Someone posted a recipe for strawberry pretzel jello salad on FB. Because apparently FB is now my grandma's church. I never understood why people would take something gross like jello and make it even grosser by adding pretzels to it.
\ Jello Shots are the entire reason why we have Jello. Just replace the cold water portion with freezer chilled vodka.
A long time ago, back when I was single and wanted to use my position in life to impress women who I wanted inside of, I used to have press credentials for the NBA and the whole she-bang. A brain tumor knocked all that out because, well, shit happens sometimes, and my writing isn't what it used to be. But here I go for another try: If you are firmly religious, don't look at this; if you are open-minded, well, click if you're curious. Spoiler Trying to get back into the game now. The first hurrah? A "coming out" story as an atheist, who also works for a multi-million dollar preschool which has slightly religious leanings. Every single person in my family who knows that I am an atheist, has disowned me. I've had my car keyed multiple times simply for displaying an "equal rights" sticker on the back windshield. The idea is to explore why we have to "come out," like it's a bad thing, and what happens when we do. More over, the greater idea is to explore what happens to me after the initial article is published (and I intend to make everyone I come into contact with on a daily basis aware of it). Might I lose my job or be demoted? Possibly but not likely. Though I'm not banking on it. Will I be disowned by all of my family? Smart money says yes. What about me living in Texas, the proverbial stereotype state where people presume our talks around the dinner table are about how we brought slaves back from Africa? I'm curious to know what will happen to me, and around me... I'm not out to make money; I've already made my money, I guess, depending on the life you want to live. But society is interesting, and we're at a "tipping point" right now... which way do you fall???
You sound like one of those pushy twats on both sides that constantly shove it in people's faces then wonder why nobody likes them but make it off to be as if everyone else is closed minded but them.
Yeah. No matter what you believe, there will be millions of people out there who vehemently disagree with you, so why poke the bears? Let them have their stupid beliefs, if they can't accept that Mormonism is the One True Path then fuck 'em.
I saw a man tonight. He was fucking LOADED. Huge crowd watching The World Cup on a bar patio. So he manages to push himself into a good spot to see the TV. EXCEPT... he has his son with him. When the U.S. makes a goal this guy goes nuts, flailing his arms around and manages to clock his 9 year old in the face not once, but twice. Dude doesn't even notice. Kid is near tears. Dad's too busy bouncing to notice he cracked his boy like a $5 whore. Kid shakes it off, manages to slink under his dad's waving arm to run to the back of the patio. I glance back and the kid is sitting with what looks like his brother at a table, playing with I-pads. Boy that got cracked has this look on his face like someone shit in his pillow. The only kids at the bar because it is a fucking bar. Couple minutes later kid comes back to hang out with his father. Once again dad smacks him right in the face because he's a drunk idiot. He picks the kid up trying to make him hop around with him. Boy is having NONE of it. He just keeps this expression of sheer contempt on him. It was hilarious how bad this fucktit failed as a father. And that is my World Cup story. Besides, a real man would have left his kids in the car with the windows rolled up.

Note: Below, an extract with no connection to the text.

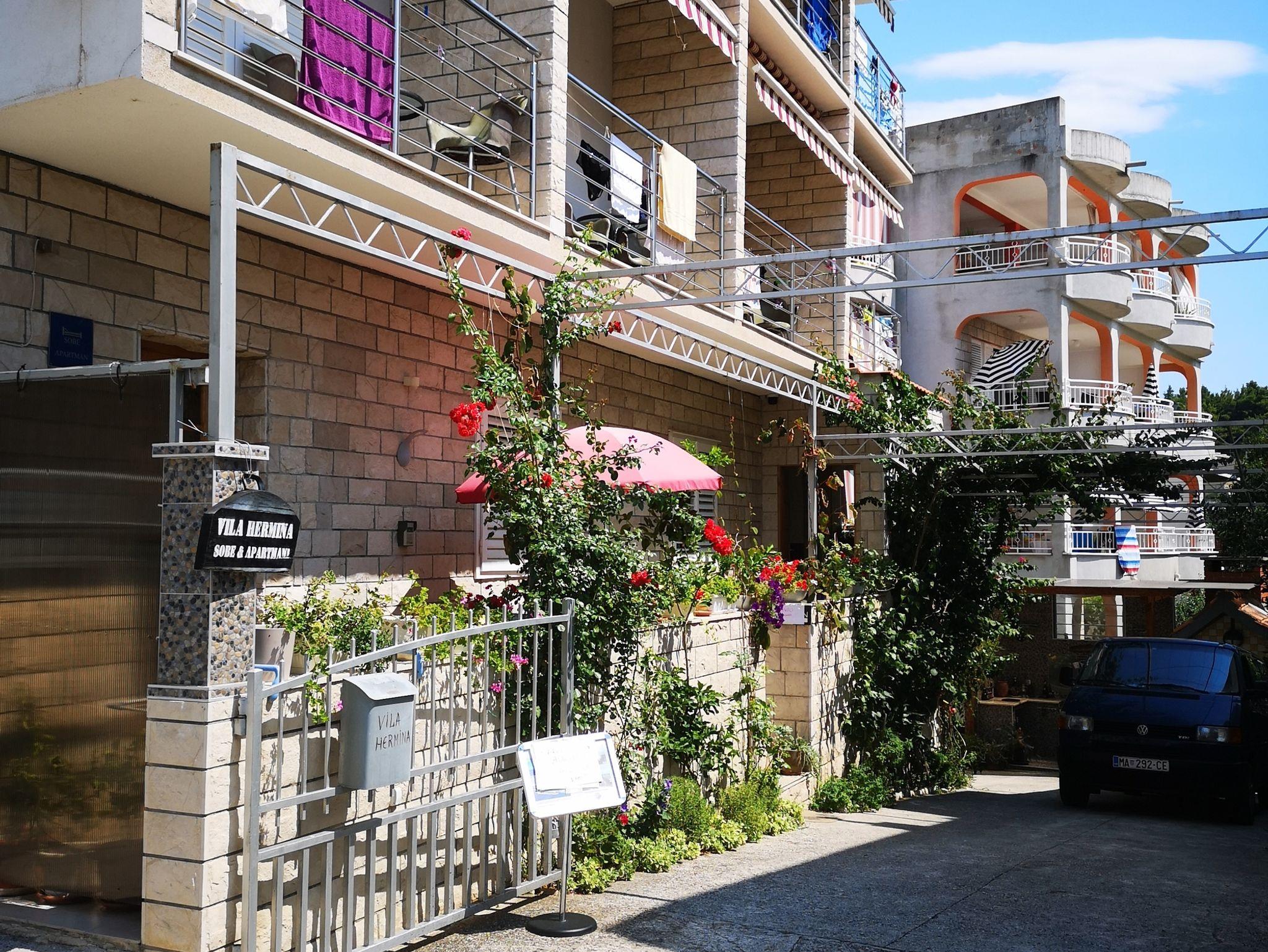 Ferienwohnung bietet Platz für 4 Gäste. Die Betten sind in Schlafzimmern, die es 2 gibt, innerhalb einer Gesamtfläche von 41m2, angeordnet. Die Gäste haben eine eigene Terrasse zur Verfügung, auf der sie in warmen Sommernächten genießen können. Das Apartment bietet Meerblick. Es ist erlaubt, Speisen auf dem Gemeinschafts-Grill vorzubereiten. IM PREIS INBEGRIFFEN: Kurtaxe, Endreinigung, Klimatisierung, Parkplatz, Internet, Bügeleisen, Bügelbrett, Föhn. VERBINDLICHE ZUSÄTZLICHE KOSTEN: Aufzahlung für Kurzaufenthalte (prozentualer Zuschlag pro Nächtigungsanzahl: 30% - 1, 20% - 2, 10% - 3). Die Verfügbarkeit zusätzlicher Dienstleistungen in Ihrem reservierten Termin und die Preise derselben (falls nicht aufgeführt) müssen im Voraus überprüft werden. Zusätzliche Dienstleistungen die in der Zahlungsaufforderung nicht aufgeführt sind werden direkt beim Vermieter bezahlt, angenommen der Gast nutzt auch diese. Ermäßigung auf den Grundpreis: Gratistag 14=13 (bei einem Aufenthalt von 14 Tagen oder mehr erhalten Sie einen Gratistag für den Aufenthalt bis 31.12.26).

I'm offended. Not really. I'm a little late to this . . . but, <gasp> my good man. That's what you think of me? Thinly-veiled? Ha. If I have ever made thinly-veiled references to wanting to see boobies before, let me just say that was not intentional. Because, I want to be up front here: I want to see all of the boobies. Seriously, though 'cup. If you need a shot of courage to get the nerve to post a picture of your boobs here, then go crazy. But, if you're so drunk that you make a decision you regret, then I'm glad you couldn't work the camera or whatever.
I have to say, Rush is truly a straight shooter. He told me what he wanted months, if not years, ago. I told him that if I ever had breast cancer I'd post a pic of them bitties for posterity before I had them lopped off in the mastectomy.
I'll do the same if my nuts are chopped off. For posterity. Because I'm sure the ladies really want to see them. Really.
I know, there is nothing more that the opposite sex wants to see but your diseased body parts. I live to serve.
My Mother in law is staying with us and my wife has poison ivy on her inner thighs, this is going to be the worst week ever. Thank god we have booze.
Soooo, you're saying you have to have sex with your Mother in Law (the 'stand in' principle) this week? Or am I just a sick bastard for thinking that?
I spent both Saturday and Sunday afternoon down at the lake this weekend, shirt on at all times. I have enough self-awareness to know this is best for everyone involved. Between swim shirts and the nike exercise shirts, there is no reason not to cover up your unsightliness. Plus I save a small fortune not having to sunblock my torso.
There's definitely cougar porn designed on the premise of boning your mother in law. I'm more curious if there is a poison ivy fetish porn. Do people get off watching women wipe their genitals with poison ivy and men coming in a day later to lick the rash covered vagina?